Bertajuk Menjaga Hak Konstitusional, Bawaslu Se-Provinsi Gelar Tadarus Pengawasan Pemilu di Bulan Ramadhan
|
humasbawaslumaluku-Banyak Kegiatan bermanfaat yang dapat dilakukan dalam mengisi datangnya bulan suci ramadhan kali ini, tadarus pengawasan pemilu menjadi program khas tersendiri yang telah digagas oleh anggota sekaligus Koordinator Divisi Pengawasan dan Sosialisasi Bawaslu RI Mochammad Afifudin, tepat pada bulan ramadan tahun 2020 yang lalu. program ini awal mulanya diselenggarakan secara daring (online) sebagai akibat dari merebaknya virus covid -19 melalui kanal youtube Bawaslu RI dengan kontributor konten dari Bawaslu Provinsi Se-Indonesia
Dan pada tahun 2021 ini dapa t diselenggarakan secara tatap muka tentu dengan menerapkan protokol kesehatan guna memtuhi aturan dari Pemerintah. kegiatan ini dimaksudkna guna meningkatkan pengetahuan sembari berdiskusi perihal topik pengawasan dan juga kepemiluan bagi segenap insan penyelenggara pemilu pada khususnya pengawas pemilu di seluruh tanah air.
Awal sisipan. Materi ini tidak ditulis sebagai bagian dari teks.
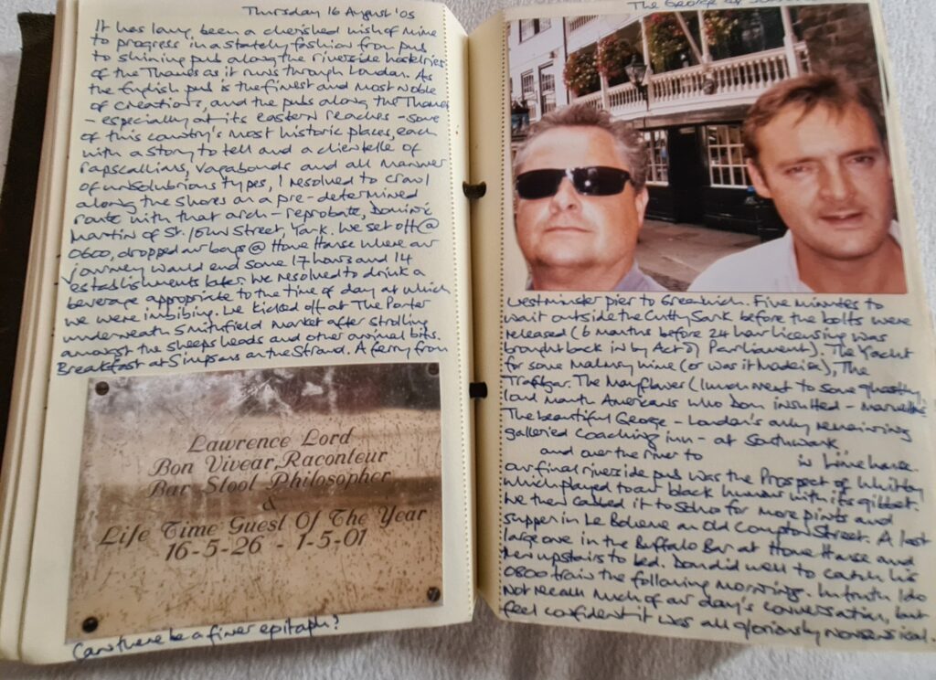 Borough Market and the only Georgian galleried Inn left in London, The George. Another pint. Across the Bridge and another cab ride to Wapping and the notorious pubs of that manor: the Prospect of Whitby, the Grapes in Limehouse, the Captain Kidd, Turner’s Old Star. By now we are quite merry. To Soho and the Crown and Chairman. Some other pubs. A green doored Speakeasy I couldn’t ever find again but which Dom seemed to know the secret password for. And back to the bar at Home House, where we were sharing a bed, Laurel and Hardy style, for the night. Twenty one establishments. And Dom was up and fit as a flea in time to catch the 0720 from King’s Cross. Outstanding behaviour.

Pada tahun ini Provinsi Maluku mengambil tema "Menjaga Hak Konstitusional" yang dapat diartikan sebagai upaya Bawaslu dalam mengawasi pemutakhiran Daftar Pemilih Berkelanjutan (DPB) sehingga hal politik dalam hal ini hak pemilih warga masyarakat di Provinsi Maluku dapat terpenuhi.
"Hari ini Kota Ambon menjadi Bawaslu Kabupaten/Kota ke-9 (sembilan) yang telah melaksanakan kegiatan tadarus pengawasan pemilu di Provinsi Maluku, minus Kabupaten Maluku tenggara dan Kota Tual yang tidak dapat melaksanakannya pada tahun ini," ungkap Koordinator Divisi Pengawasan dan Hubungan Antar Lembaga Bawaslu Provinsi Maluku Paulus Titaley, Rabu (5/5/2021).
menurutnya, Bawaslu Provinsi Maluku melalui Divisi Pengawasan dan Hubungan Antar Lembaga juga telah melakukan supervisi ke Bawaslu Kabupaten/Kota guna memastikan Form. A hasil pengawasan sebagai bukti sahih kerja-kerja pengawas di lapangan di lapangan telah dilaporkan kepada Bawaslu Provinsi. dari hasil Form. A tersebut kami belum menemukan surat pencegahan yang telah diterbitkan oleh Bawaslu baik itu berua himbauan, peringatan maupun rekomendasi kepada Komisi Pemilihan Umum Daerah (KPUD) setempat untuk terus menigkatkan koordinasi dengan instansi/lembaga terkait.
"Peran Bawaslu dalam memberikan masukan dan tanggapan ke Komisi Pemilihan Umum Daerah (KPUD) sangat penting untuk memastikan agar koordinasi dengan instansi/lembaga terkati berjalan dengan efektif, perlu menjadi catatan Bawaslu kabupaten/kota harus senantiasa menjaga eksistensi melalui unjuk kinerja dengan inovasi, metode serta strategi pengawasan Daftar Pemilih Berkelanjutan (DPB) triwulan berikutnya dan semua hasil pengawasan hatus dituangkan dalam bentuk Form.A secara lengkap", bebernya.
tak ketinggalan koordinator Divisi Sumber Daya Manusia dan Organisasi Bawaslu Provinsi Maluku DR. Subair, M.Si ikut memberikan tausiah serta pengingkatan kapasitas kelembagaan melalui penguatan peran kehumasan.
"Peran humas sangat penting dalam menjaga eksistensi Bawaslu dalam era digital saat ini, pemanfaatan media sosial lembaga sebagai media penyalur informasi kepada masyarakat jauh lebih efektif daripada pertemuan yang diselenggarakan secara tatap muka", ucap Subair.
Pria religius ini juga menyinggung perihal upaya Bawaslu Provinsi Maluku dalam mewujudkan zona intergritas, "semoga target Bawaslu Provinsi Maluku untuk mewujudkan Wilayah Bebas dari Korupsi (WBK) dan Wilayah Birokrasi Bersih dan Melayani (WBBM) dapat tercapai pada tahun 2022 mendatang diantaranya mulai menerapkan transaksi melalui non-tunai, tak hanya itu kami di Divisi Sumber Daya Manusia dan Organisasi juga telah menginisiasi penerapan e-office untuk semakin membuat Bawaslu Provinsi Maluku ini semakin moderen dengan meminimalisir penggunaan kertas (paperless)", tutupnya.